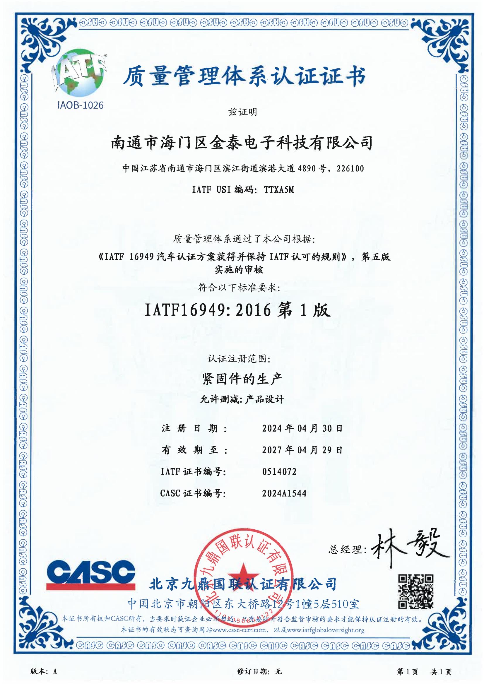 金泰緊固件獲得專業認證
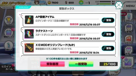 ▲受信ボックスからラグナストーンやガチャチケットを受け取ります。
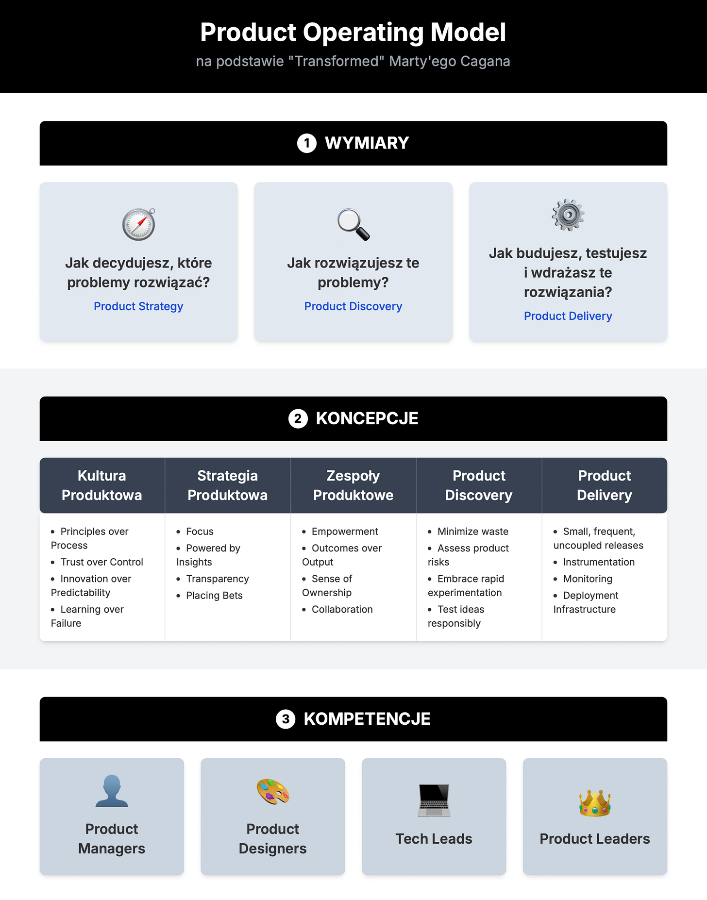 Jeśli chcesz wejść w temat głębiej i bardziej szczegółowo zweryfikować Wasze braki - możesz odwołać się do poszczególnych pryncypiów i zasad „Product Modelu” Model Marty Cagan. Dzięki temu od razu masz “checklistę” tematów którym warto się przyjrzeć:
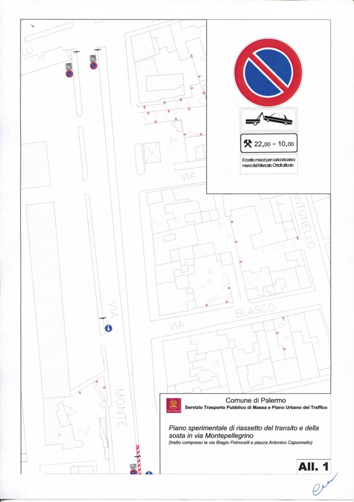 Il Piano sperimentale di riassetto del transito e della sosta in via Montepellegrino – “arteria stradale di primaria importanza per la rete stradale cittadina per via degli ingenti volumi di traffico cittadino” – prevede tra l’altro, “la quasi totale chiusura dell’ampio varco dello spartitraffico, presente in corrispondenza dell’accesso principale al Mercato Ortofrutticolo, orientando così i mezzi che intendano effettuare manovre di svolta a sinistra in ingresso e in uscita a eseguire dette manovre in ambiti più lontani dall’ingresso al mercato”, nonchè “una particolare disciplina della sosta a servizio dei mezzi per carico/scarico merci del Mercato Ortofrutticolo”.
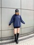 「ストリートコーデ」 [トップス]EMODA×Russellのコラボアイテムです!身長165㎝でお尻が隠れる丈間です! [スカート]Sサイズ着用しています!インナーショーツ付きです! [ブーツ]普段24.5㎝でLサイズ着用しています!
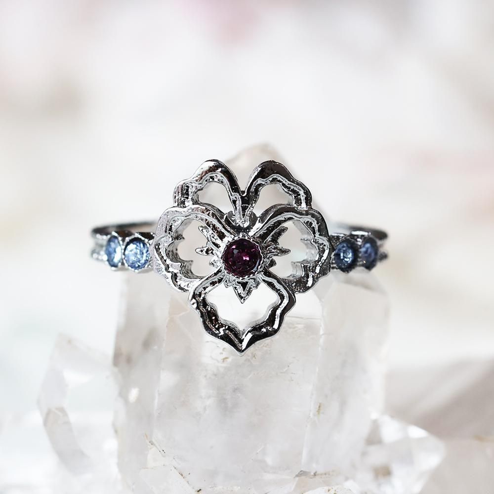 ビオラの花のデザインが素敵な指輪です。

============

**The task:** The records above are to be repeated exactly, with the pictures left out.

**Task response:**
 金泰緊固件獲得專業認證
 ▲受信ボックスからラグナストーンやガチャチケットを受け取ります。
 Jeśli chcesz wejść w temat głębiej i bardziej szczegółowo zweryfikować Wasze braki - możesz odwołać się do poszczególnych pryncypiów i zasad „Product Modelu” Model Marty Cagan. Dzięki temu od razu masz “checklistę” tematów którym warto się przyjrzeć:
 Il Piano sperimentale di riassetto del transito e della sosta in via Montepellegrino – “arteria stradale di primaria importanza per la rete stradale cittadina per via degli ingenti volumi di traffico cittadino” – prevede tra l’altro, “la quasi totale chiusura dell’ampio varco dello spartitraffico, presente in corrispondenza dell’accesso principale al Mercato Ortofrutticolo, orientando così i mezzi che intendano effettuare manovre di svolta a sinistra in ingresso e in uscita a eseguire dette manovre in ambiti più lontani dall’ingresso al mercato”, nonchè “una particolare disciplina della sosta a servizio dei mezzi per carico/scarico merci del Mercato Ortofrutticolo”.
 「ストリートコーデ」 [トップス]EMODA×Russellのコラボアイテムです!身長165㎝でお尻が隠れる丈間です! [スカート]Sサイズ着用しています!インナーショーツ付きです! [ブーツ]普段24.5㎝でLサイズ着用しています!
 ビオラの花のデザインが素敵な指輪です。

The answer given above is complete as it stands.